Because this is how the whole system works, everything Elon does requires a profit in order for him to survive.  And that profit comes from people spending money on the things that he sells. That may be hard for folks to see at first. But go ahead and try join the EV revolution: The starting price for that is around $50,000. Why don't you buy some of that Starlink? The cost for that is $1300 per year with a $700 deposit. Want to go to Mars? Sure! That'll be $500,000, please. Welcome to the revolution.  The experts say that, soon, ChatGPT and tools like it will not be free eitherThat seems to make sense when you think about capitalism . But that locks people (namely the ones I work with) out of all of these possibilities.  That's capitalism.

Do you get it yet? This is the man who helped common folks sell things online.  This is the man who changed the automobile industry. This is the man who bought a space capsule home using rockets to land. 

And last week, his efforts with ChatGPT led the New York City Department of Education to divorce AI from its professional educators and students. That is the fruit of a tree that Elon has helped to plant. This historic innovation, which brings with it a profound statement of boundless exploration and hope for political, cultural and economic advancement, is now off limits for the seventy-four percent (74%) of city students who lived in poverty in 2018 (here). The DOE has run away from this as fast as they possibly can. (🍩). He's that guy too. 

And now he has brought that devout spirit of capitalism to Twitter. When he bought the company, he fired half of the employees. Many wound up being more loyal to the DNC than they were to Twitter (here). Shortly thereafter, he sold the blue dot for $8 per month. And just recently, he introduced a new product where, for a couple of hundred dollars (or less) users can easily boost views on their tweets and links.That last innovation brings that spirit of capitalism within eyesight of a core American value: Elon has capitalized free speech. 

And that's why I'm writing this series.
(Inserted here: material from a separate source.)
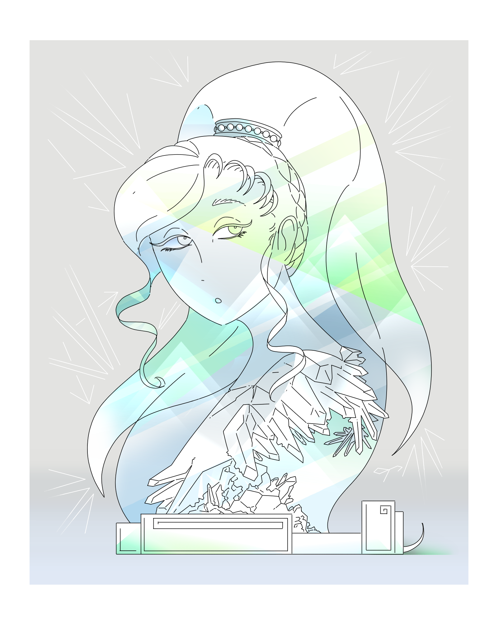 The volcanic island's actual first inhabitant. They were born and taken away before anyone else was born, so no one remembers them ever being there at all. Biphos lives on the moon now, and they quite like it there even though for most of their life they've been the only gem around. Or maybe they don't have anything else to compare it to. They know they used to live on Earth, and they frequently wonder about what's going on down there. They live a hedonistic life filled with cute outfits and lavish vacations. They're secretly very lonely.

This devout capitalist who has become the richest most impactful person in the country is selling something new: Your ability to be heard. That's a small but profound shift and part three will focus on that; on a possible reality where people cannot be heard because they cannot afford to. 

Before I write the lats part, though, I'm going to drop a few dollars to boost the reach of this blog post. I would like see just how much free speech money can buy me in this harsh economic environment.  

I'll leave off with a link to a song about Musk that my teenage kid listens to. The lyrics fully capture the complexities that Musks' many (many) shifts have wrought by addressing where those contributions are already falling short. 

🎵When I said take me to the moonI never meant take me aloneI thought if mankind toured the skyIt meant all of us could goBut I don't want to see the stars if they're justOne more piece of land for you to colonizeFor us to turn to sand
So f** your tunnels fuck your carsF** your rockets fuck your cars againYou promised you'd be TeslaBut you're just another EdisonBecause Tesla broke a patentAll you ever broke were hearts 
I can't believe you tore humanity apartWith the very same machines that could've been our brand new start


 

1 comment:

  1. No doubt Musk has been quite successful at turning a profit and no doubt he is quite concerned regarding the attempted suppression of free speech (in society and at Twitter).
    Two things can be true at the same time and his concern with the latter puts him squarely at odds with the progressive camp.
    Thus his rapid fall from (progressive) grace is readily explained.